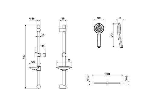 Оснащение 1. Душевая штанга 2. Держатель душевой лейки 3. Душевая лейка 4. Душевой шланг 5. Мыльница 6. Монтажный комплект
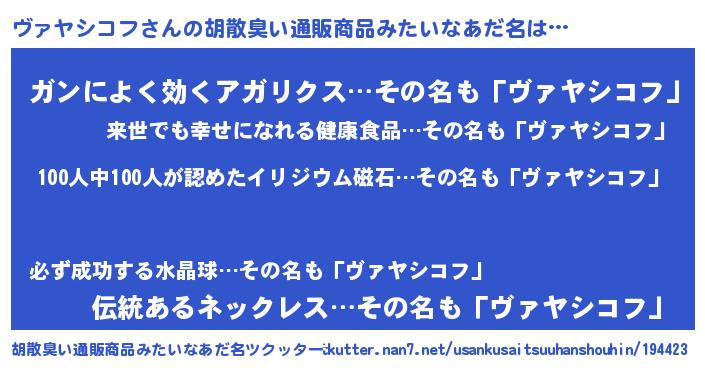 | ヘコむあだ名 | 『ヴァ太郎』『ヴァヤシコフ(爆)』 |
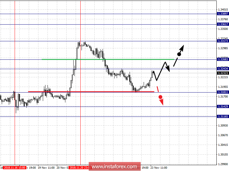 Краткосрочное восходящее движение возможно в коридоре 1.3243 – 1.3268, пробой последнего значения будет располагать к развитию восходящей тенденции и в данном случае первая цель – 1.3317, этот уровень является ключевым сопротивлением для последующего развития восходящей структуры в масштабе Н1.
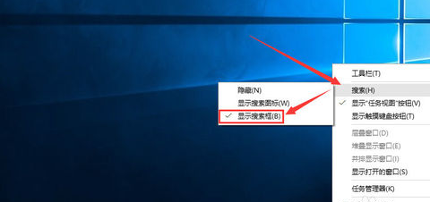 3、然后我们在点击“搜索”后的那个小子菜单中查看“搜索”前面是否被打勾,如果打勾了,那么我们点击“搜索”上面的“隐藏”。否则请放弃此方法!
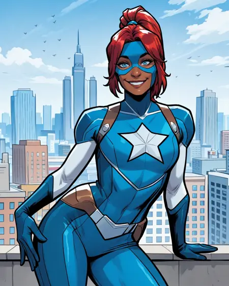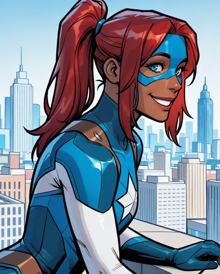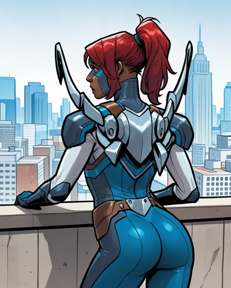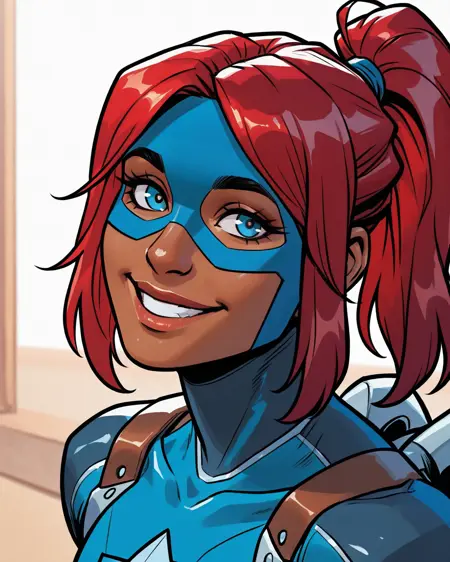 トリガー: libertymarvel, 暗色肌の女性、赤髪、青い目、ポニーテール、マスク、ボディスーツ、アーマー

+---+

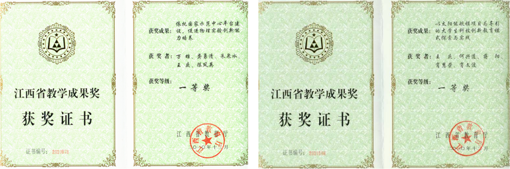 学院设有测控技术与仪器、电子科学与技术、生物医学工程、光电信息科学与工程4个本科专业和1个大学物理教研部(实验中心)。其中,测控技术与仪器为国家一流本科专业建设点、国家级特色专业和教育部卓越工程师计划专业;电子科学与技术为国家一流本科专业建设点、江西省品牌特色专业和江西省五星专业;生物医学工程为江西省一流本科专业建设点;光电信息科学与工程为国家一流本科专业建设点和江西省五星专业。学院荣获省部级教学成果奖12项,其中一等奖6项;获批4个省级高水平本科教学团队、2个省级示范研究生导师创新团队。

+---+

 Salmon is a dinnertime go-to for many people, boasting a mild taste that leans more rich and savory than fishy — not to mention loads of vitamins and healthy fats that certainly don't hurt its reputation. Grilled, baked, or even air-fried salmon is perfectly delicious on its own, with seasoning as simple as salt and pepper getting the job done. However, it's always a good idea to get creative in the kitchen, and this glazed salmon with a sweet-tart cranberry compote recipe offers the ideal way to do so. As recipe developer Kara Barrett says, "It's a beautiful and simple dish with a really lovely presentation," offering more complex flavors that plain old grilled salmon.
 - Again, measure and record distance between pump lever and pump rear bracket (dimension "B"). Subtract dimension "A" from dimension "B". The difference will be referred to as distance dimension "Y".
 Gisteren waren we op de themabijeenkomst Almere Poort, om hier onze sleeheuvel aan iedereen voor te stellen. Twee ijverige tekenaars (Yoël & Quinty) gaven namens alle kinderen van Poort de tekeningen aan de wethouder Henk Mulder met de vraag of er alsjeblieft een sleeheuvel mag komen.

+---+

### Exercise instructions
Transcribe, exactly and without additions, the lines of the records above, beginning with the line that contains "- Again, measure" and ending with the line that contains "Gisteren waren we", both included.

### Your solution
 - Again, measure and record distance between pump lever and pump rear bracket (dimension "B"). Subtract dimension "A" from dimension "B". The difference will be referred to as distance dimension "Y".
 Gisteren waren we op de themabijeenkomst Almere Poort, om hier onze sleeheuvel aan iedereen voor te stellen. Twee ijverige tekenaars (Yoël & Quinty) gaven namens alle kinderen van Poort de tekeningen aan de wethouder Henk Mulder met de vraag of er alsjeblieft een sleeheuvel mag komen.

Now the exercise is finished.